Resnet50-LSTM versus resnet50-LSTM-att

To further improve the CNN-LSTM architecture, attention mechanism (AM) was introduced into Resnet50-LSTM. As shown in Table 5, the introduction of attention mechanism leads to a significant improvement over Resnet50-LSTM in the classification task. Compared with the Resnet50-LSTM model, the performance of Resnet50-LSTM-att in the classification of heat and drought datasets was significantly improved. The Acc, Pr, Re and F1-score of heat stress were 96.91%, 96.81%, 96.79%, and 96.80%, respectively. And, the Acc, Pr, Re and F1-score of drought stress reached 96.05%, 95.92%, 95.88%, and 95.90%, respectively (Table 5). And, the confusion matrix also showed better classification results by Resnet50-LSTM-att (Fig. 6). Obviously, the classification accuracy of the network model is significantly improved after the fusion attention module.

Table 5 Performance of Resnet-LSTM model before and after introducing attention mechanism
Fig. 6
figure 6

Confusion matrix of the classification effects of Resnet50-LSTM-att on image datasets of a heat stress and b drought stress

Verification of CNN_attention feature extractor using Grad-CAM

Attention mechanism gives more weight to important areas, and pays attention to more differentiated information regions in images, which improves the feature extraction ability for images, thus improving the classification accuracy in our study. Through Grad-CAM, the class activation graph of network layer was visualized before and after attention mechanism introduced into the Resnet50-LSTM model. As shown in Fig. 7, compared with Resnet50-LSTM, Resnet50-LSTM-att network pays more accurate attention to the areas where seedlings located, which means the Resnet50-LSTM-att network gives more weight to the important areas and less weight to the unimportant areas. More specifically, before introducing of AM, the area of the Resnet50-LSTM network attention to in the image included both the seedling and some background regions, which would result in a negative impact on the final classification. After the introduction of the AM, the attention region of the network is more concentrated to the region of Chinese fir seedling inside the image. This explains why AM could improves the accuracy of the final classification in our study.

Fig. 7
figure 7

Visualization results of class activation maps before and after adding the attention mechanism. The highlighted part of the class activation map represents the attention of the network on to the image, and the red intensity is proportional to the strength of the neural activation with respect to the predicted class. a The original image b The region of attention before adding the attention mechanism c The region of attention after adding the attention mechanism

Evaluation of growth status by using Resnet50-LSTM-att model

Based on Resnet50-LSTM-att hybrid model, the growth status of seedling from image of test set was evaluated by giving a predict score. As shown in Fig. 8, the growth status of seedlings was successfully evaluated with a prediction score, and classified into six sessions. Correlation analysis showed that the R2 and RMSE were 0.957and 0.067 for the dataset of heat stress, respectively, and, R2 and RMSE were 0.944and 0.076 for the dataset of drought stress, respectively (Fig. 9). This means that the predicted results were in good agreement with the manual scoring results. According to the predicted score, it is easier to determine the growth status of seedlings. All these results indicated that Resnet50-LSTM-att was the best model for this study. Our framework provides a faster, more convenient and accurate method for classification and evaluation on growth status of Chinese fir seedlings under heat and drought stress. Due to the flexibility of the proposed framework, it also could be utilized in detection and classification of images from different stress conditions in needle-leaved plants.

Fig. 8
figure 8

Prediction of the growth status of Chinese fir seedlings from test dataset. a Heat stress b drought stress

Fig. 9
figure 9

Correlation analysis between manual and prediction scores. a Heat stress b drought stress


In past decades, the development of deep learning and image processing provides a great opportunity for their applications in plant phenotyping.
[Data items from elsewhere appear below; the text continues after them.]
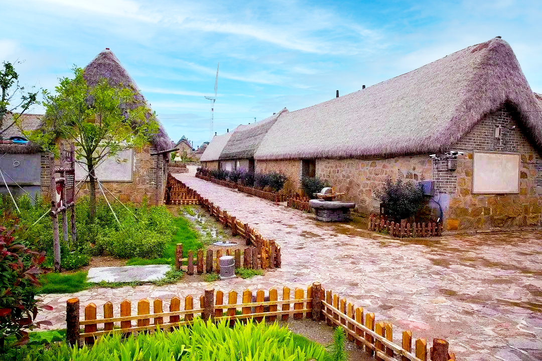烟墩角村入选了2024年世界“最佳旅游乡村”,自然风光与海草房是它的两大“流量密码”。进入小村,200多栋海草房静静矗立在海边,这些海草房中,年限最长的已有300多年历史,是胶东沿海最具特色的渔家民居。
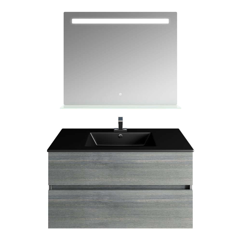 This contemporary and stylish Legnori bathroom vanity gracefully showcases a current silhouette combined with a minimalist, eye-pleasing design. It gives your bathroom a relaxed and peaceful look. Still looking slim and reserved, when we talk storage, its two soft-closing drawers offer ample space for toiletries, towels and other bathroom accessories. The vanity comes with a high-end quality engineered stone countertop that seamlessly flows into a perfect matt black drop-in sink. It also has a beautiful rectangular Ronda mirror that pulls together the whole set giving it an undeniable charm.
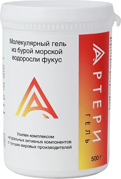 Артери Гель — лечебно-диетический гель на основе морской бурой водоросли фукус, разработанный российскими учёными в наукограде Пущино для комплексной поддержки сердечно-сосудистой системы. Продукт обеспечивает тройное действие на сосуды: очищение от холестериновых бляшек, предотвращение тромбообразования и улучшение кровотока. В состав входят полисахарид фукоидан, запатентованный компонент Sabeet® (экстракт свёклы) и экстракт ферментированного чёрного чеснока FBG22. Артери Гель не является лекарственным препаратом — это диетическое (лечебное) питание для приёма внутрь.
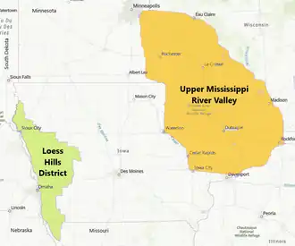 Loess Hills District is an American Viticultural Area (AVA) located in western Iowa and northwestern Missouri established on March 3, 2016 by the Alcohol and Tobacco Tax and Trade Bureau (TTB), Treasury after reviewing the petition submitted by Shirley Frederiksen, on behalf of the Western Iowa Grape Growers Association and the Golden Hills Resource Conservation and Development organization proposing the establishment of the “Loess Hills District.”[4] The district is a long, narrow north–south orientated swath of land along the Big Sioux and Missouri Rivers, covering 12,897 square miles (8,254,080 acres) from Hawarden, Iowa, to Craig, Missouri. There are approximately 66 commercially-producing vineyards covering a total of 112 acres (45 ha) distributed throughout the AVA, along with 13 wineries.[1] Loess Hills District is not a sub-region within any established AVA.[3]
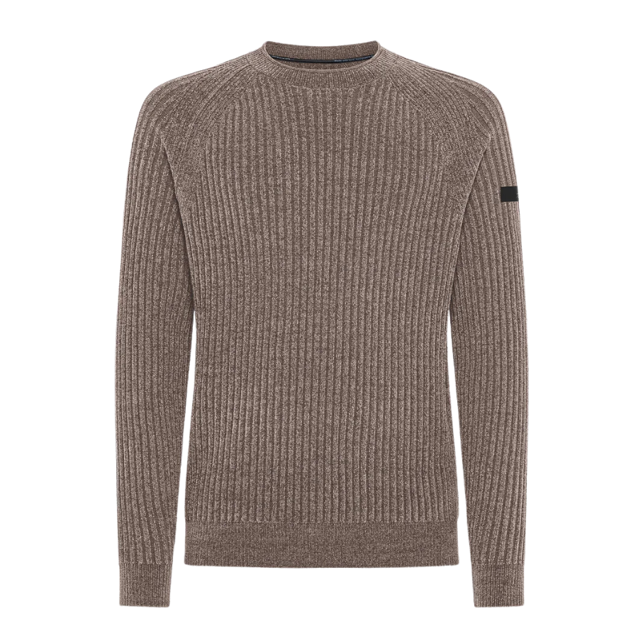 La maglia monocromatica si distingue per l’elegante lavorazione ad ampie coste inglesi, che conferisce al capo una struttura visivamente sofisticata, pur mantenendo una sorprendente leggerezza e un comfort naturale. Il tessuto stretch, caldo e delicato al tatto, accompagna ogni movimento con fluidità, valorizzato dal taglio raglan delle maniche. Il fit regolare è definito da dettagli discreti e ricercati, come il girocollo risvoltato e le finiture elasticizzate su fondo e polsi.

Many methods based on different deep learning models have been proposed and applied in yield prediction, disease detection, growth monitoring, nutrient status diagnosis and other tasks in crops and horticultural plants [50,51,52]. For example, Abdalla et al. [22] proposed an Inceptionv3-LSTM model for automatic nutrient status diagnosis during the whole life cycle of the Oilseed rape. Fan et al. [53] proposed a deep learning framework for segmentation and leaf counting in plant, which achieved good results in Arabidopsis and tobacoo plants. Besides, in order to detect and count rice panicle, Wang et al. [54] built a PanicleDetect model based on YOLOv5x, which was proved to be robust and accurate for counting panicles in field images of rice. Similarly, Yu et al. [55] proposed a fast method for soybean disease recognition based on residual attention network (RANet) model. And, Zhou et al. [56] successfully utilized Mask R-CNN to detect bruising on strawberry images captured by color cameras under incandescent light and ultraviolet (UV) light. These studies showed broad applications of deep learning models in recognition, classification and evaluation of phenotypic characteristics in diverse plants.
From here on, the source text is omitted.